ASSIGNMENT: What you give must be the lines from the one containing "Affectionate and calm" through the last line of the listing below, exactly, with nothing else and no pictures.

### DATA EXTRACT ###

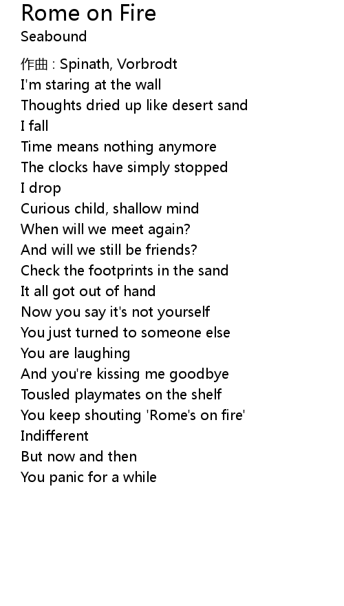 | Song | Rome on Fire |
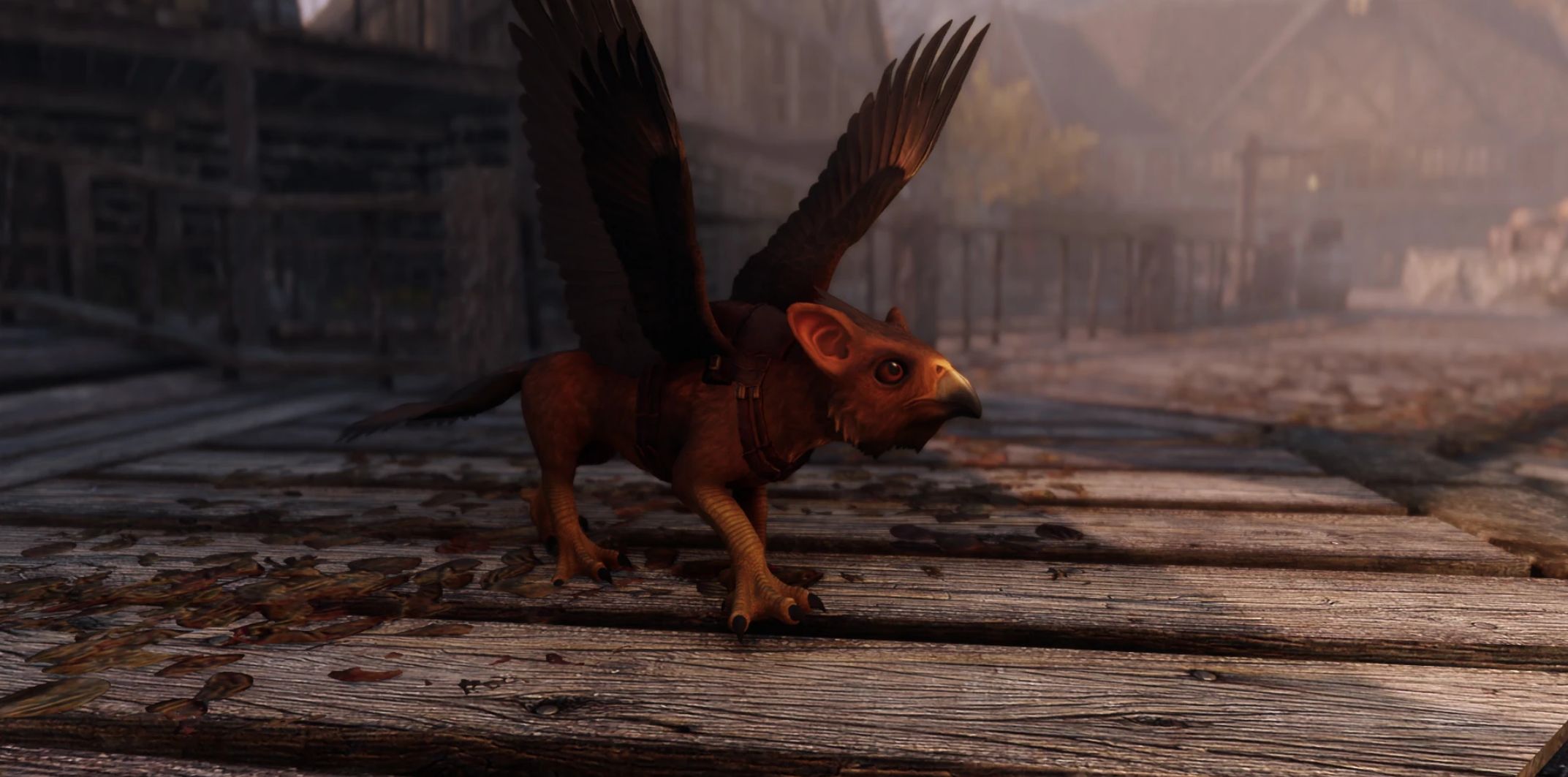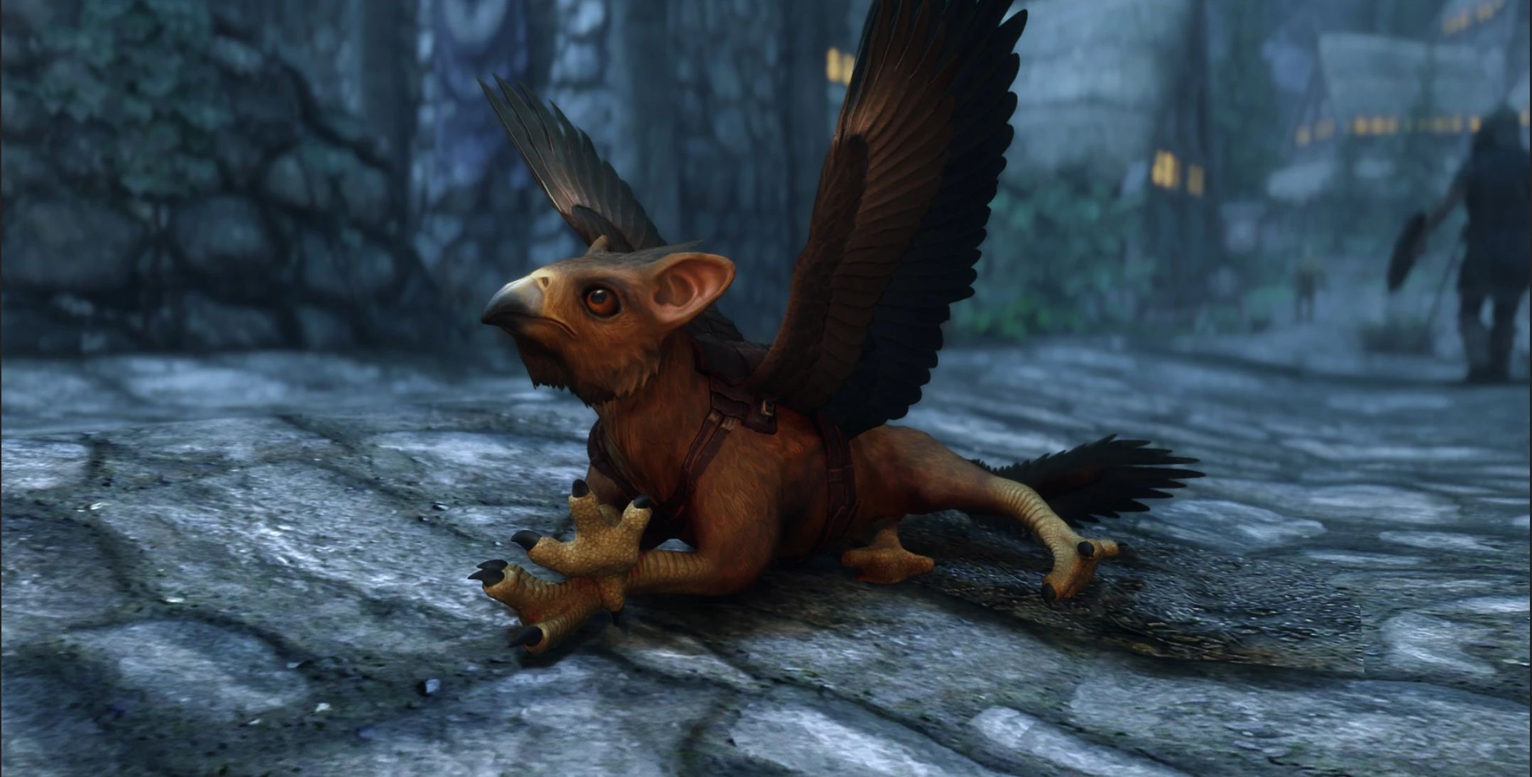Affectionate and calm by nature, Anwi never accepted Elarwen, perhaps out of jealousy for the love she had lost. Knowing the fledgling deserved better care, Elarwen entrusted her to her friend Wylandriah, the Bosmer court mage of Riften. Wylandriah, however, is known for her distracted habits and soon neglected the creature. Taking Anwi for yourself would be a kindness to both the mage and the little gryphon.
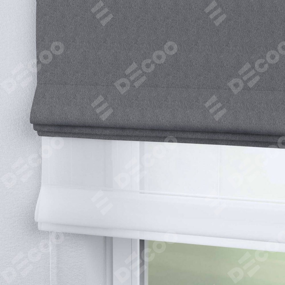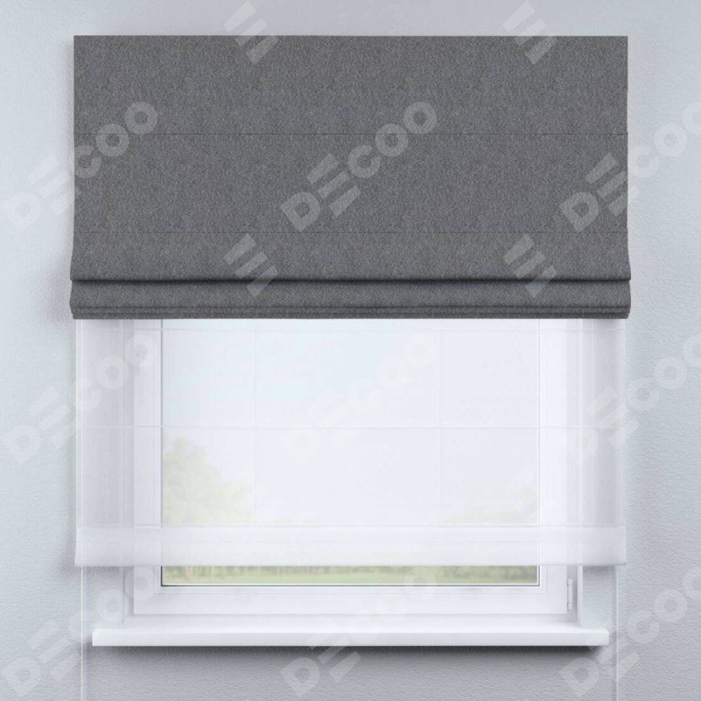 Римская штора день-ночь производителя «Cortin», используется для проёма, пошита из двух полотен, с лицевой стороны софт однотонный серый артикул 70605, вторая ткань тюль (по стандарту комплектуется тюль белого цвета артикул V-01). Имеет универсальный механизм и подходит для монтажа: на потолок, на стену и в нишу.

###

WRITTEN ANSWER:
Affectionate and calm by nature, Anwi never accepted Elarwen, perhaps out of jealousy for the love she had lost. Knowing the fledgling deserved better care, Elarwen entrusted her to her friend Wylandriah, the Bosmer court mage of Riften. Wylandriah, however, is known for her distracted habits and soon neglected the creature. Taking Anwi for yourself would be a kindness to both the mage and the little gryphon.
 Римская штора день-ночь производителя «Cortin», используется для проёма, пошита из двух полотен, с лицевой стороны софт однотонный серый артикул 70605, вторая ткань тюль (по стандарту комплектуется тюль белого цвета артикул V-01). Имеет универсальный механизм и подходит для монтажа: на потолок, на стену и в нишу.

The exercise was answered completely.